Riza sighed and looked at the door. Casey stepped aside. She looked at her watch again and then bit her lip. In four years, she hadn’t called in sick a single time. Now she’d called in sick and then had a no-call, no-show. She tried to imagine getting in her car and rushing to work, passing the hours cleaning leaves out of gutters and sweeping off porches.

“Fine. But… I’m not committing to anything.”

 

 

Descended, destined, cursed.

Riza studied the words that seemed to jump out from the other lines of text. They didn’t fit somehow. Riza didn’t have a destiny. It was miraculous she’d survived childhood. There’d obviously been no hand of fate guiding her way through the darkness. Her own desperation to crawl out of the murk had been the only fortunate element in her life.
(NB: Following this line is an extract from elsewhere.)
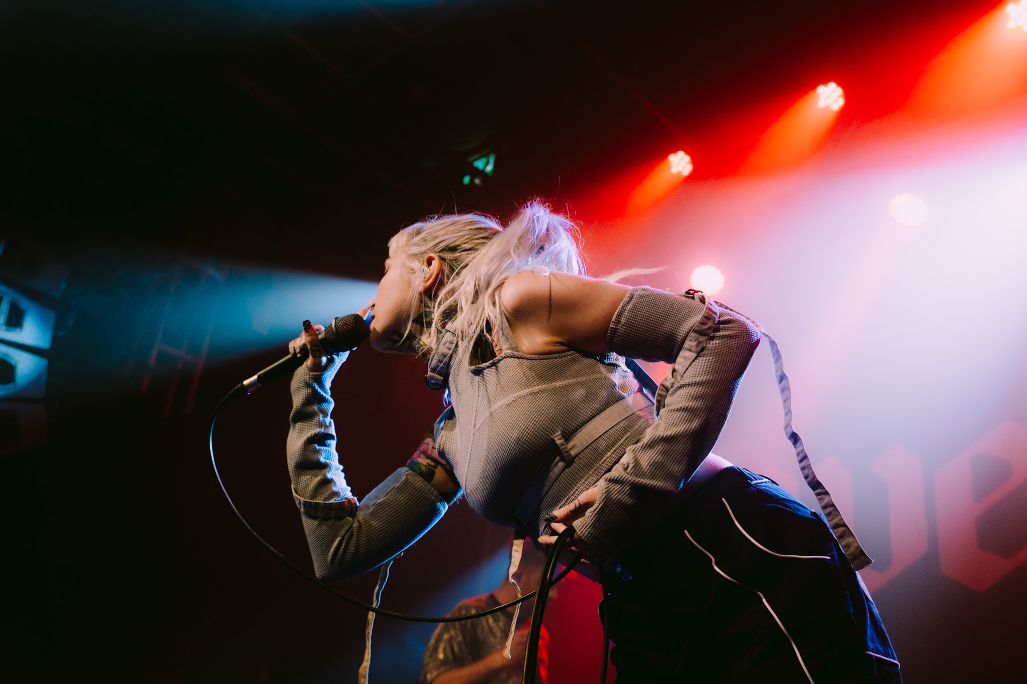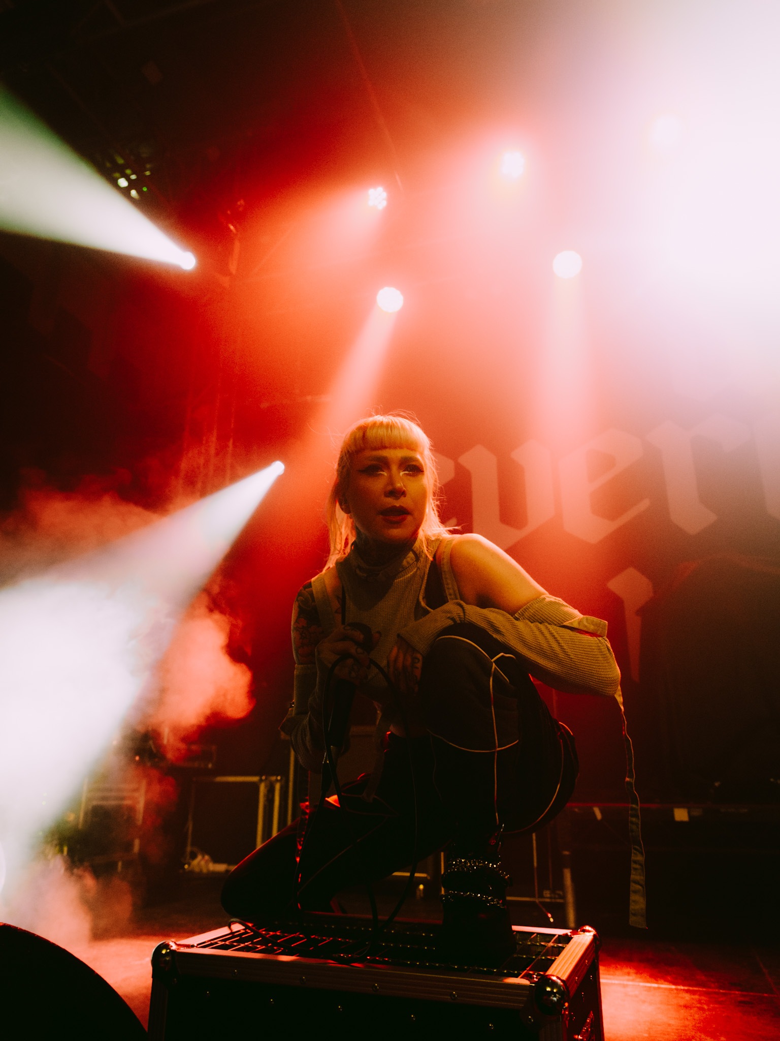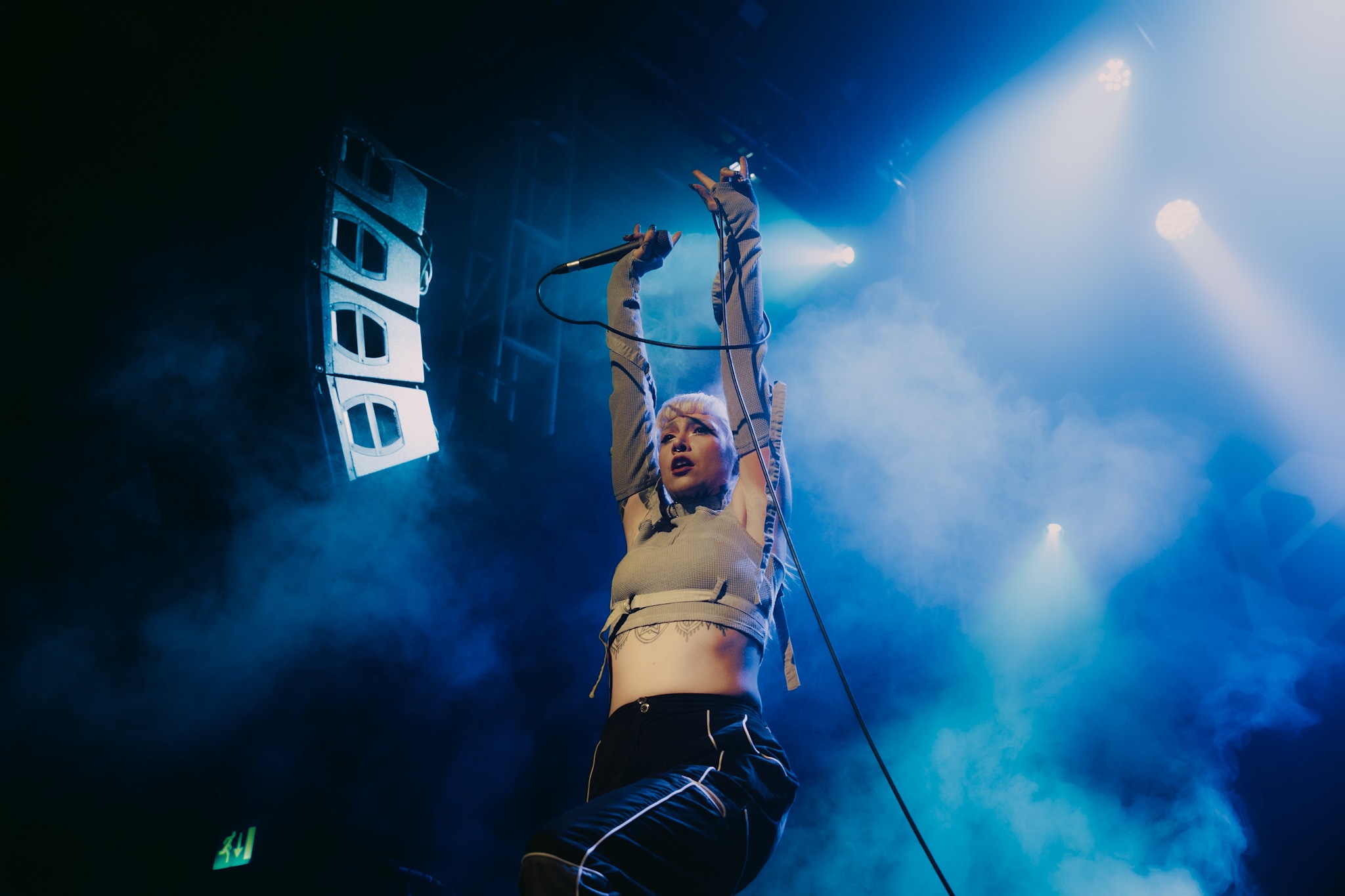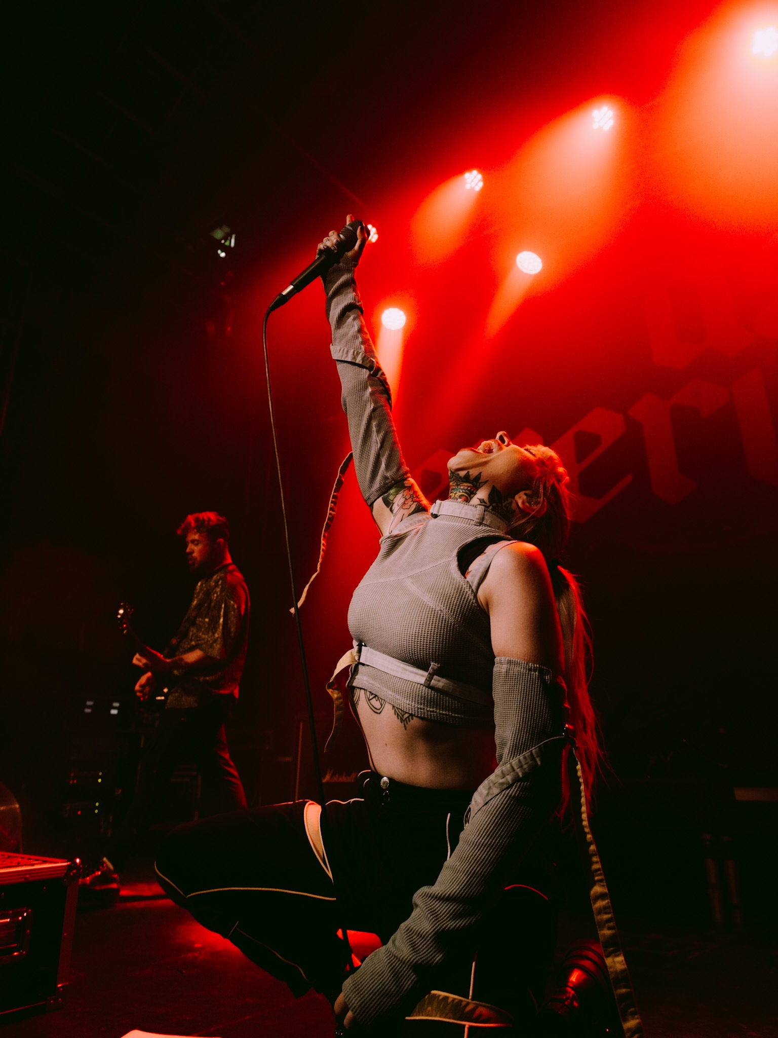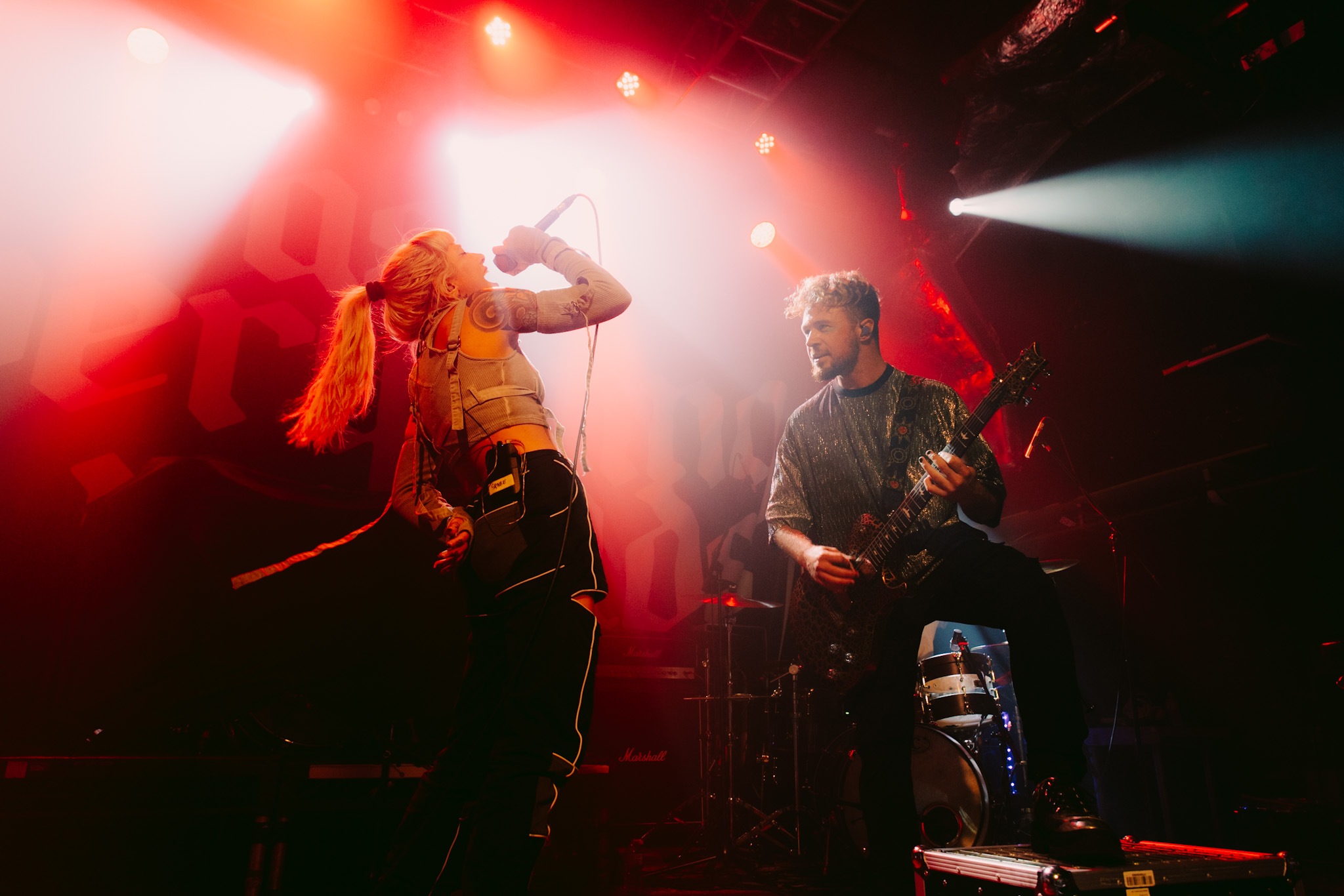 Main support tonight comes in the form of hyper-pop infused duo, LAKE MALICE who were a recent addition to the bill following EAT YOUR HEART OUT’s unfortunate departure from the tour. Formed during the height of COVID, LAKE MALICE are on an upwards incline with vocalist Alice Guala and guitarist Blake Cornwall being no strangers to a sizeable stage such as tonight’s. Launching into Magic Square, the band make it clear they aren’t here to muck around and the crowd; flooded with pockets of adoring fans, are more than happy to oblige. With only a handful of tracks currently under their belt, their thirty minute showcase is both brutal and endearing. Bloodbath and Stop The Party are amongst the favourites of the evening, before closing on their first release Blossom, which continues to age like fine wine. LAKE MALICE are set to be the next big thing and if their current success is anything to go by, they won’t be playing to intimate crowds for much longer. Simply put, show up or miss out.

“Where did this come from?” She held a single sheet of paper filled with close, single-spaced text.

It spoke of a woman murdered in 1887 on the grounds that later became the Northern Michigan Asylum. Delfia Starling was her name, but they called her the Bayou Witch, the Glades Witch, and just the Witch. The Claude family who’d brought her to Michigan in the 1880s had drawn her bad favor and she’d cursed them. They’d killed her, but unbeknownst to them, she’d given birth to a secret child. She cursed the land, the Claude family, and she set forth a prophecy that she would rise again in the first girl child of her descendants. The name listed for the first female child born to Delfia’s bloodline was her own: Riza Marsh.

“I know a guy who’s into all this too, the asylum history. He got tangled up in it as well, and it’s become his life’s purpose. He hacked into the email of a man involved with the Umbra Brotherhood and intercepted this.”